Senate bill could hinder international enrollment

A bill floating in the U.S. Senate could stigmatize international students as dangerous and decrease their enrollment in college, educators are cautioning.

The Enhanced Border Security and Visa Entry Reform Act of 2001 is a legislative response to Sept. 11, said Kirk Robey, director of the Center for International Programs. It is an unnecessary response, though, to the fact that one of the Sept. 11 terrorists entered the country on a student visa, Robey said.

"The people involved in international education on a personal basis know foreign students aren't terrorists and aren't more likely to be a terrorist than anyone else," Robey said. "This is an emotional reaction to a very difficult situation."

The bill requires universities to give more information to the Immigration and Naturalization Service concerning a student's background, status and location. This information will be processed through a Web-based system to be shared among all law enforcement agencies.

The act also increases fees for visa applications, which will be machine-readable and tamper-resistant. Also, visas would not be issued to students from countries designated as sponsors of terrorism until students are determined to be a non-threat by the Secretary of State.

Educators fear the terrorist attacks and the bill could make it more difficult for students to attain visas that are already difficult to acquire.

According to Chingiz Sharshekeev, a political science graduate student from Kyrgyzstan, acquiring a visa was a lengthy process that included providing the government with information about schooling, tuition, and housing.

As of Wednesday, Ball State University had one confirmed student still waiting on a visa to enter the country. According to Robey, there may also be students waiting on visas who have not contacted the university about any problems.

If the bill becomes law, Robey worries increased visa fees and skeptical treatment of Middle Eastern students might harm the flow of international students.

"The flow of students is pretty important for a lot of reasons," Robey said. "It's important culturally. It's important to the education of American students, and financially it's important because they bring in a lot of tuition dollars."

Robey said international students help give American students a broader world view, an idea echoed by the National Association of Foreign Student Advisers on its Web site, www.nafsa.org.

Robey said he questions if there is enough government manpower and funding to handle the massive amounts of personal information that would be generated.

The bill, however, could have been worse, Robey said. The original draft proposed in September, he said, was much more severe.
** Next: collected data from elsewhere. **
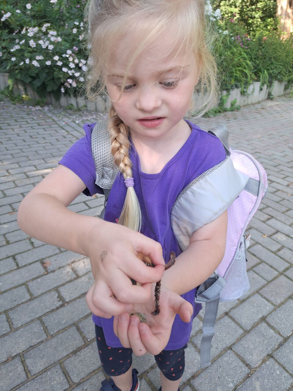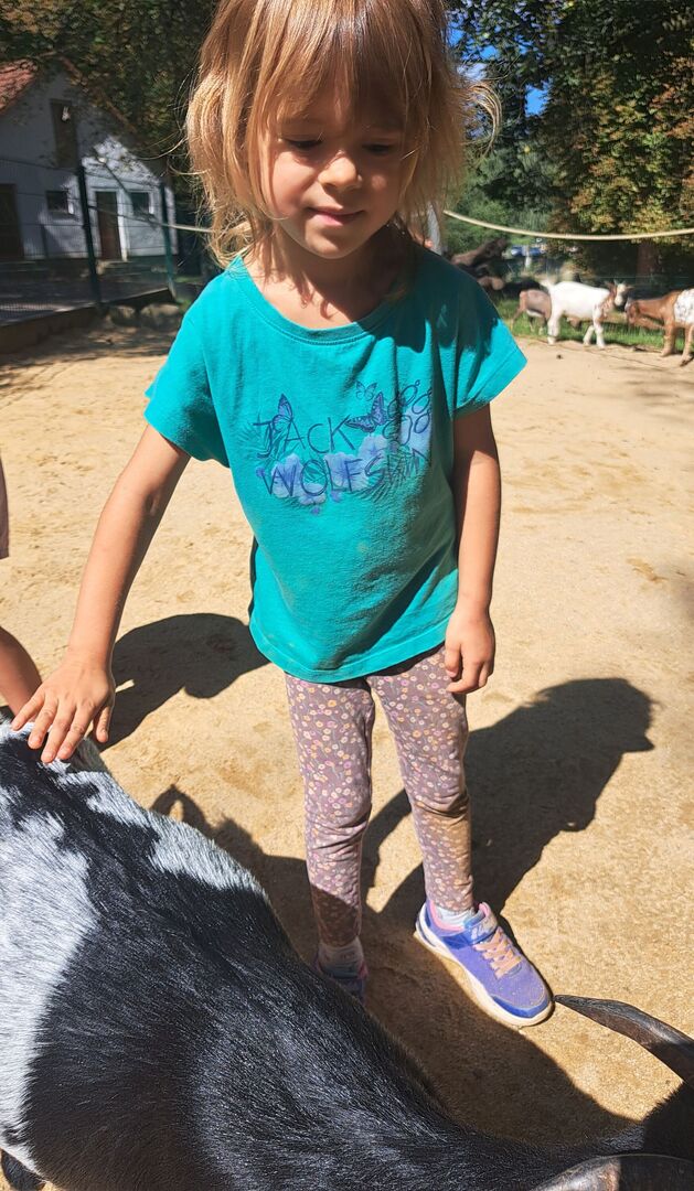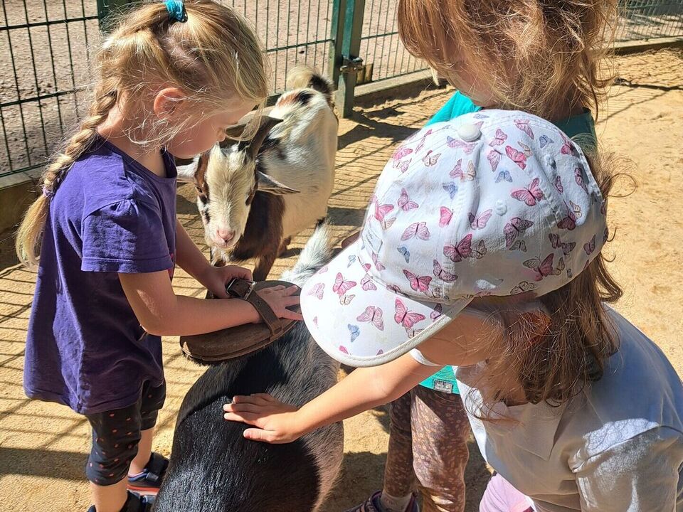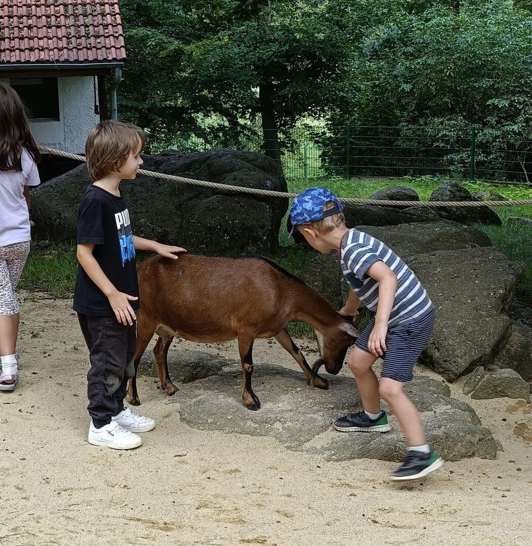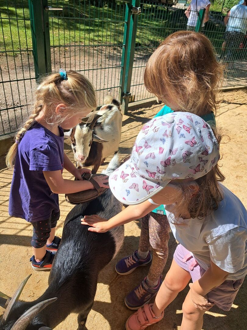 Das unsere Kinder einen großen Respekt vor allen Lebewesen und zur Natur haben zeigte sich sehr oft in den interessierten Fragen und dem liebevollen Umgang mit den Tieren in den beiden Streichelgehegen. Sowohl die Minischweine als auch die Ziegen erhielten unzählig viele Streicheleinheiten. Aber auch ein Regenwurm, welcher sich auf dem gepflasterten Gehweg verlief, wurde von Louise gerettet und liebevoll an einen schattigen Platz unter einen Busch gebracht.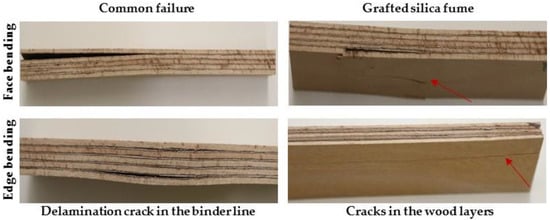 The failure modes analysis of the bending samples can also explain the effect of various additives on the bending properties of LVL samples. As stated in Figure 9, the common failure mode of bending samples was a delamination crack that extended longitudinally through the binder line of the LVL samples and significantly influenced the maximum failure load tolerance. This can diminish the bending strength of LVL samples. The bending failure was initiated in the wood layers of LVL samples made of geopolymer binder mixed with grafted silica fume (in both face and edge bending tests). This indicates the improved adhesion between the modified geopolymer binders with the wood constituents.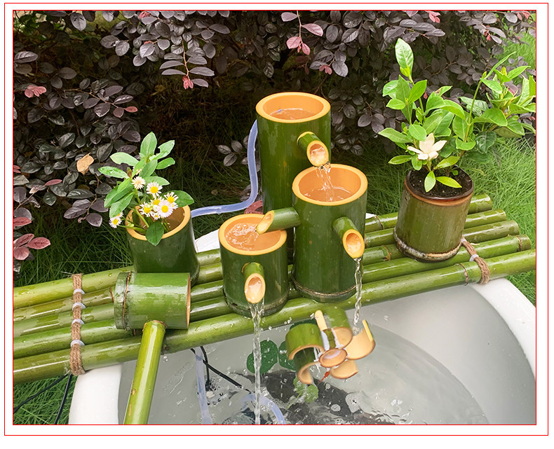 Bamboo Flowing Water Instrumental feng shui Wheel rigging with a basin ceramic fish tank with water pool for wet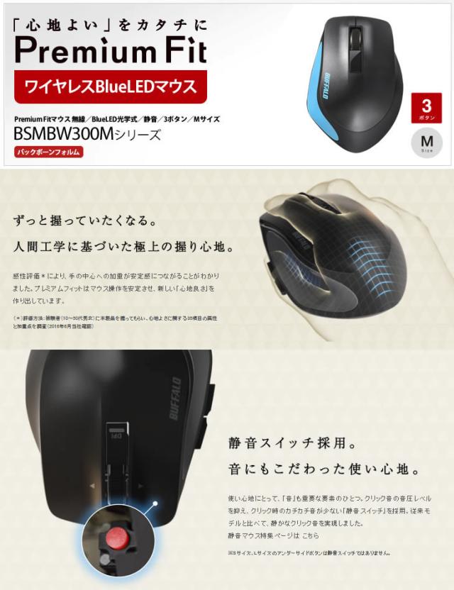 ワイヤレスマウス 無線 バッファロー Premium Fit Blue LED 光学式 Mサイズ BSMBW300MOR オレンジ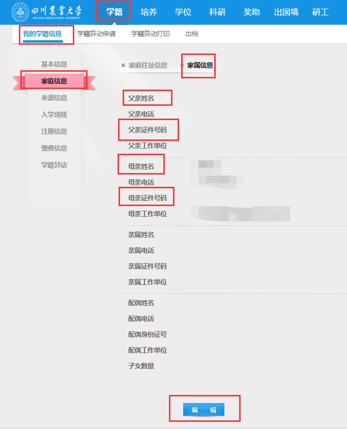 请务必在2月28日前登录我校研究生管理新系统,进入学籍-我的学籍信息页面,点击家庭信息,选择家属信息,将父母姓名及身份证号补充完善。逾期未填者,视为有工资收入的在职人员上报数据。

Robey also said he believes the bill might see more moderation as it passes through the Senate.

Some immigration reform groups, including the Federation for American Immigration Reform, support the bill in its current form.

"The Federation for American Immigration Reform (FAIR) applauded the House vote passing legislation to tighten border controls in an effort to secure our nation against terrorists," the group wrote on its Web site, www.fairus.org.